PQR is a triangle right angled at P and M is a point on QR such that $PM \perp QR$.

To do:

We have to show that $PM^2 = QM • MR$.

Solution:

In right angle triangle $PQR$,

$\angle P = 90^o$

$PM \perp QR$

In $\triangle \mathrm{PMR}$, by Pythagoras theorem

$(\mathrm{PR})^{2}=(\mathrm{PM})^{2}+(\mathrm{RM})^{2}$..........(i)

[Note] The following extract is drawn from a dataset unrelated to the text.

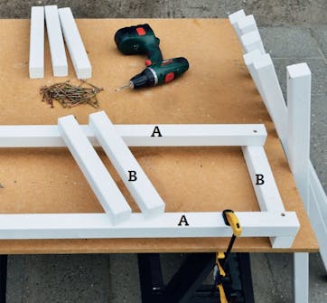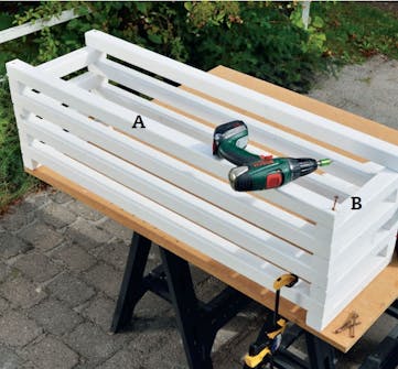 Begynn med å sette sammen de lange lektene (A) med de korte (B). Bruk 5 x 70 mm skruer. Senere snus kassen. Det gjør at skruene kommer til å vende nedover slik at de ikke synes.

In $\triangle \mathrm{PMQ}$, by Pythagoras theorem,

$(PQ)^{2}=(P M)^{2}+(M Q)^{2}$..........(ii)

In $\triangle \mathrm{PQR}$, by Pythagoras theorem,

$(R Q)^{2}=(R P)^{2}+(P Q)^{2}$............(iii)

Therefore,

$(RM+MQ)^{2}=(R P)^{2}+(P Q)^{2}$

$(R M)^{2}+(M Q)^{2}+2 R M . M Q=(R P)^{2}+(P Q)^{2}$.........(iv)

Adding (i) and (ii), we get

$(\mathrm{PR})^{2}+(\mathrm{PQ})^{2}=2(\mathrm{PM})^{2}+(\mathrm{RM})^{2}+(\mathrm{MQ})^{2}$.........(v)

From (iv) and (v), we get,

$2 \mathrm{RM} . \mathrm{MQ}=2(\mathrm{PM})^{2}$

$(\mathrm{PM})^{2}=\mathrm{RM} . \mathrm{MQ}$

Hence proved.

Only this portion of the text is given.